Background technique
Uridine is white, needle-shaped crystals or powder, odorlessness, taste slightly sweet tea and micro-pungent, is slightly soluble in dilute alcohol, does not dissolve in
Dehydrated alcohol is the related ingredient for constituting zooblast nucleic acid.It is indispensable raw material in biomedical research, while
It is the basic element for preparing biologics.Uridine is a kind of drug, be usually used in treatment resist huge red blood cell anaemia and liver,
The diseases such as the cerebrovascular, angiocarpy, and manufacture fluorouracil (S-FC), deoxyribonucleoside, iodoxuridine (IDUR), bromine glycosides (BUDR), fluorine
The primary raw material of the drugs such as glycosides (FUDR).
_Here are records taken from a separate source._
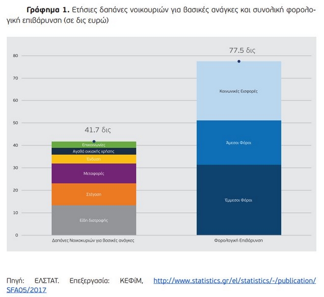 Ο μέσος όρος ετήσιων δαπανών των ελληνικών νοικοκυριών για την κάλυψη των βασικών αναγκών (διατροφή, ένδυση, στέγαση, οικιακά αγαθά, μεταφορές και επικοινωνίες) ανέρχεται σε 42 δις ευρώ, την ίδια ώρα που η συνολική φορολογική επιβάρυνση των Ελλήνων πολιτών και των επιχειρήσεων αγγίζει τα 78 δις ευρώ.
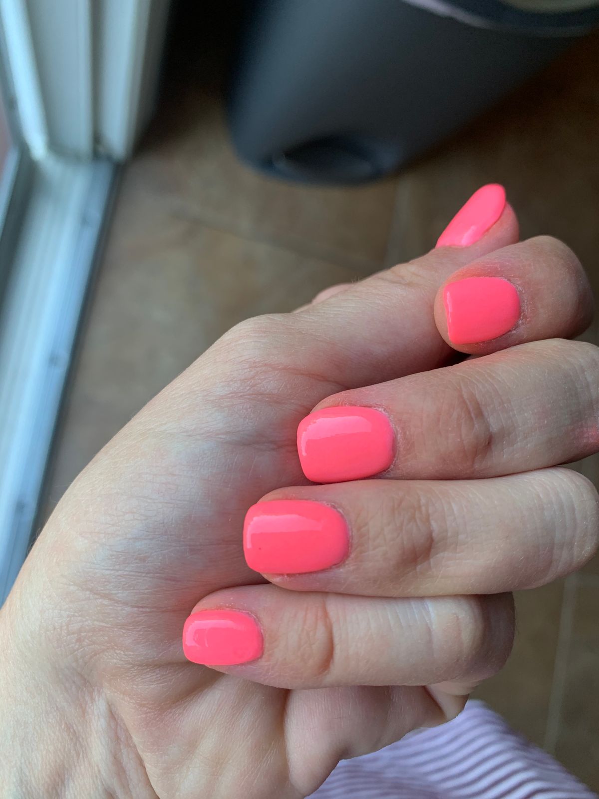 This is a softer neon orangey-pink color and it really pops on nails. It wasn’t exactly what I was expecting (not sure what I was expecting) but I LOVE it!!
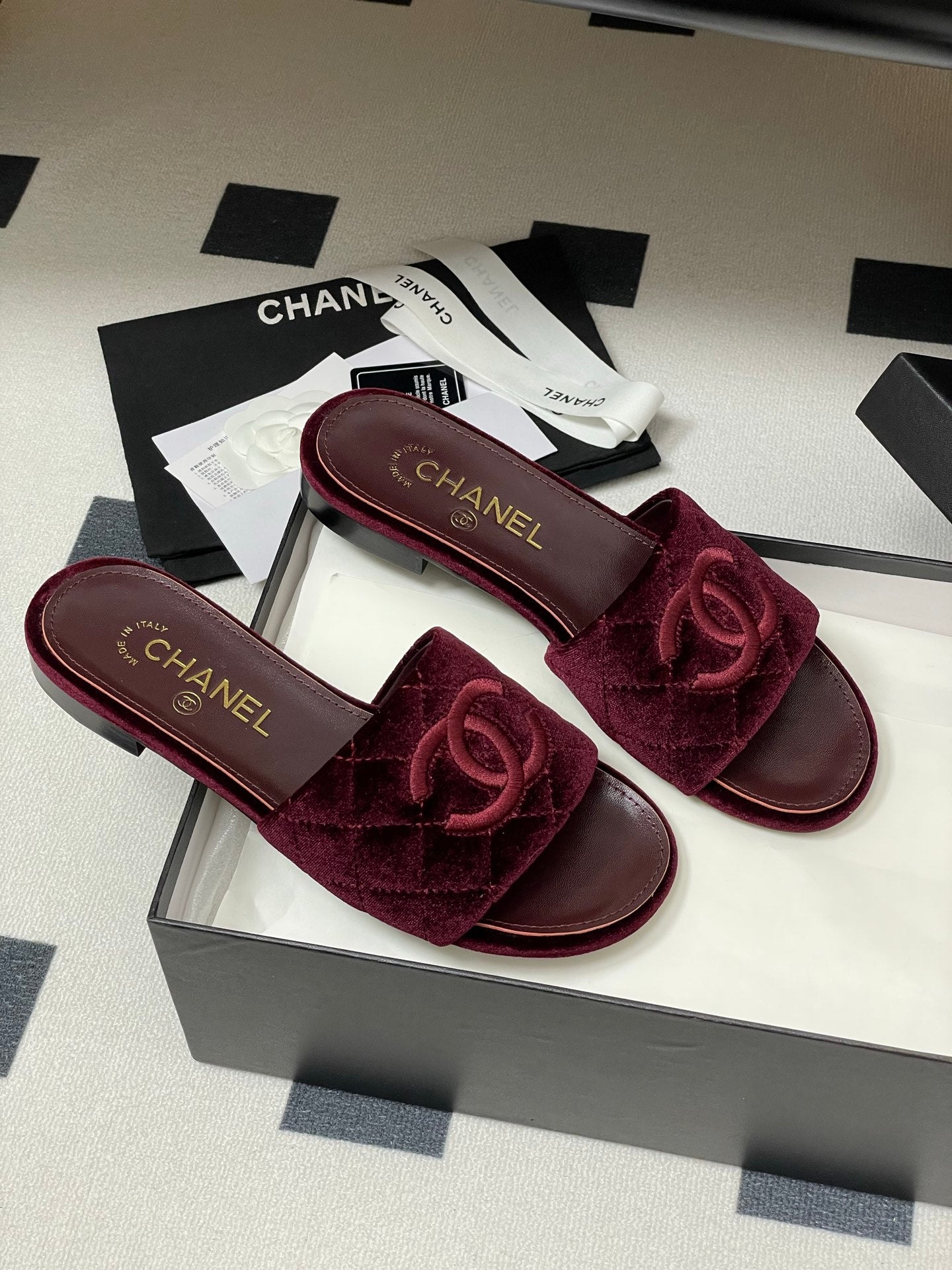 25S Embroidery Double C Mule 15mm Wine Velvet 247579

In order to study uridine and its derivative drug to the organism mechanism of action, need to compound and its metabolism
Object is tracked, but since compound is in factors such as high noisy background, complicated matrix effect, preceding processing and mass detectors
Under the influence of, it is affected to analysis method measurement result.In order to avoid the inaccuracy of analysis, stable isotope mark is used
Remember compound, the error that can effectively occur in bearing calibration significantly improves the stability of detection method.Double labelling uracil
Nucleosides-(13C,15N2) can effective and accurate detection nucleoside medicine and its metabolin as isotopic label.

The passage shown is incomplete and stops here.